==== Data supplied ====
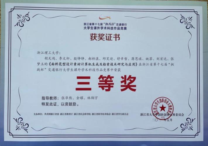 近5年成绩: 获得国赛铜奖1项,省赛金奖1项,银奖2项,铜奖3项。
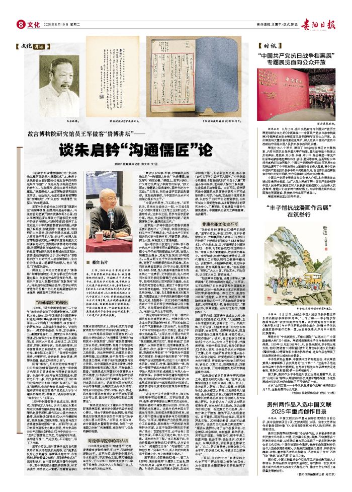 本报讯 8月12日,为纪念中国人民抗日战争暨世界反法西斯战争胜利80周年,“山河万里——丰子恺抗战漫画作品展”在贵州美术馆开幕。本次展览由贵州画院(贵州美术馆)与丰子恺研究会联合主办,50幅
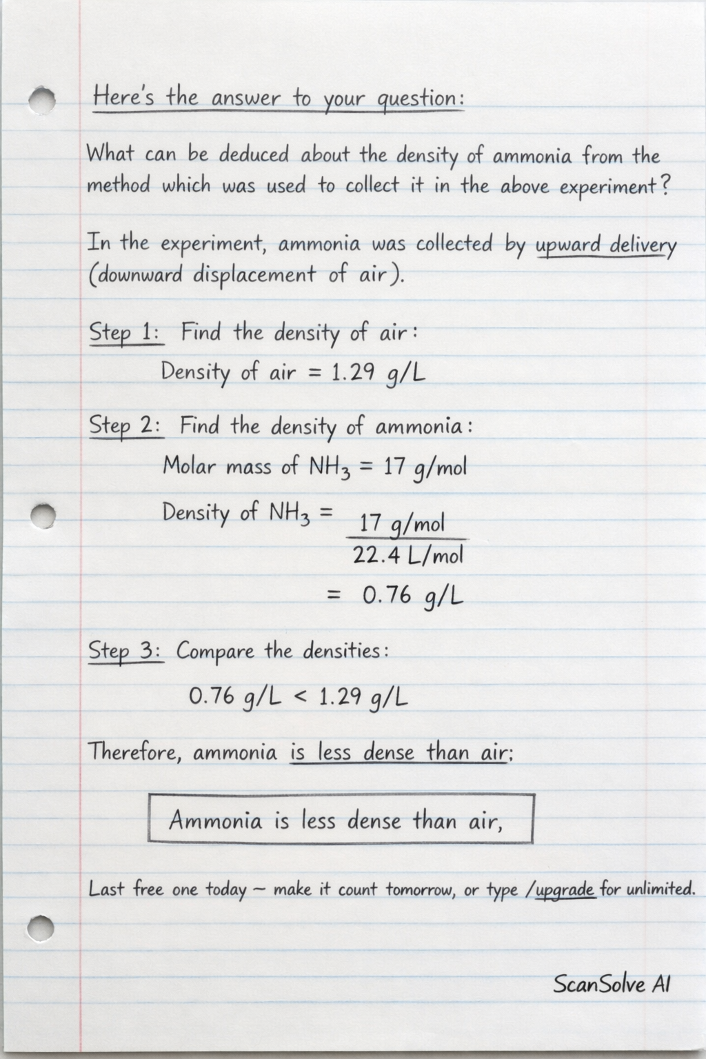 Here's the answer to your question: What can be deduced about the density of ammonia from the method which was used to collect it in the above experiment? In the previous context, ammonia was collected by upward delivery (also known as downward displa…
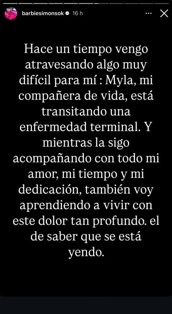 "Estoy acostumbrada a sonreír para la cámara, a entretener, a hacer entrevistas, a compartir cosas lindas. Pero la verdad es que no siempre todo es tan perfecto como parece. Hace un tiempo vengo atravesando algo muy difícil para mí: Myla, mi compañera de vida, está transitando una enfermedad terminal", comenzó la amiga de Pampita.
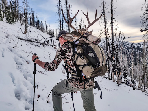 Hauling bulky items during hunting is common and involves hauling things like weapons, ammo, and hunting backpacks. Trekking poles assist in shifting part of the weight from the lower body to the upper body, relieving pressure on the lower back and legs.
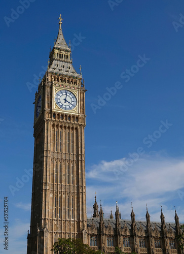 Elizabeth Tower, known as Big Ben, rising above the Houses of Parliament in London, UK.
====
==== Data supplied ====
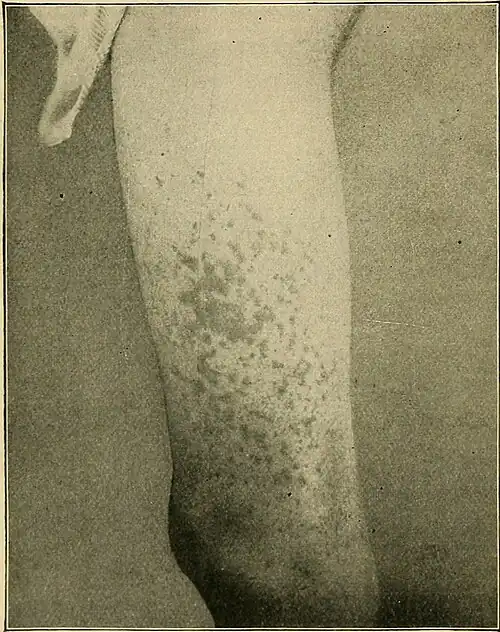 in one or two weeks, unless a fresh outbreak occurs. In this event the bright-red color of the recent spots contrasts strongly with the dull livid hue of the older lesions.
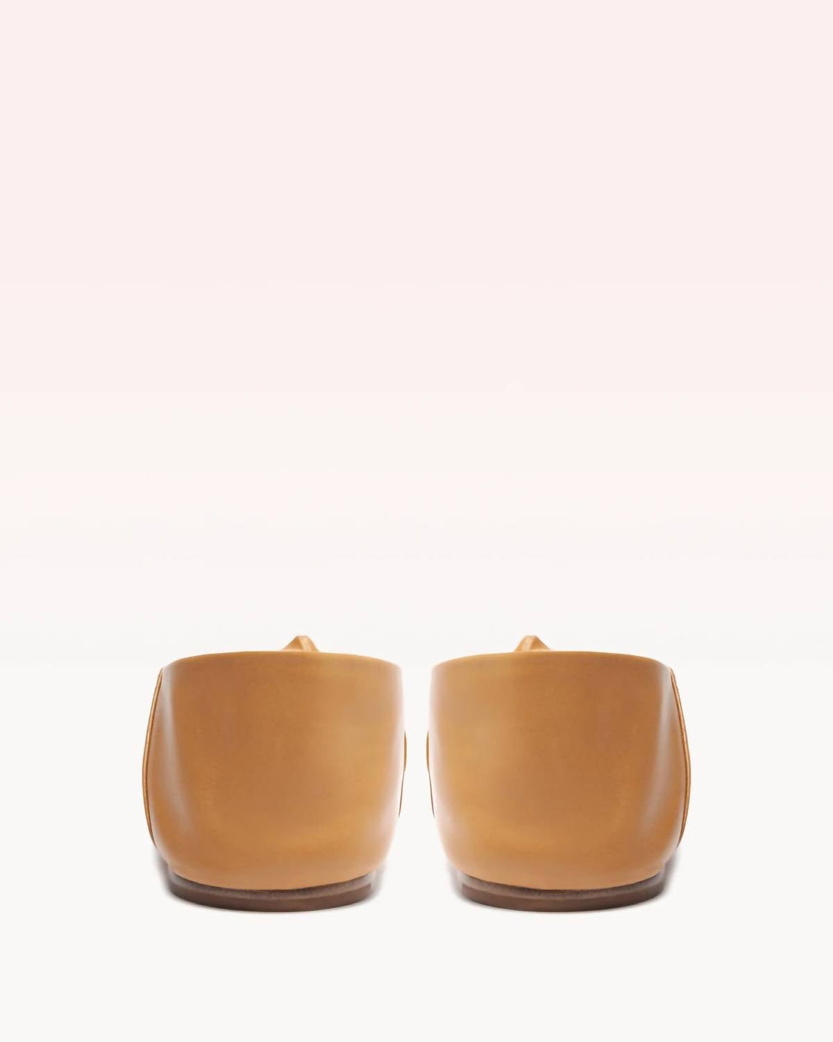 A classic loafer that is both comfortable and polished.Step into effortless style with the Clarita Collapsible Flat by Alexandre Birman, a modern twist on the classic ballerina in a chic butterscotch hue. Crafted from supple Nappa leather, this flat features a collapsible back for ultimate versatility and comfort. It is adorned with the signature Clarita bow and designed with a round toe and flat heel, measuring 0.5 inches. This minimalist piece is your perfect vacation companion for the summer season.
====
==== Data supplied ====
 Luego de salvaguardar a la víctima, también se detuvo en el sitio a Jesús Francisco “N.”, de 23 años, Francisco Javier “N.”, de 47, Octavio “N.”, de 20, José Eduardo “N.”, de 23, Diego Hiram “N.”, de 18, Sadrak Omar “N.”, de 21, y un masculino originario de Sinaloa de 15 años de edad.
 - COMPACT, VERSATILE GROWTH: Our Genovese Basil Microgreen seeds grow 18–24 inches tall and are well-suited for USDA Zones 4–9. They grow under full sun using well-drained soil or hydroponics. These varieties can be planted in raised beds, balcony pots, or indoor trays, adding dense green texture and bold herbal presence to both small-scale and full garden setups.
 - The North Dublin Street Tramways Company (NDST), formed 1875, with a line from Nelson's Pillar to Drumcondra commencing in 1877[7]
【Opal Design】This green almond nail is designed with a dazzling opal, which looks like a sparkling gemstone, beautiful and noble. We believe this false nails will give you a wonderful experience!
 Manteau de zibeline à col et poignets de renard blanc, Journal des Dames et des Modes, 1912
====
__About this exercise__. Write out only the lines that run from the line containing "- The North" through the line containing "a wonderful experience!", both included, exactly as they appear above.

__Solution for this task__.
 - The North Dublin Street Tramways Company (NDST), formed 1875, with a line from Nelson's Pillar to Drumcondra commencing in 1877[7]
【Opal Design】This green almond nail is designed with a dazzling opal, which looks like a sparkling gemstone, beautiful and noble. We believe this false nails will give you a wonderful experience!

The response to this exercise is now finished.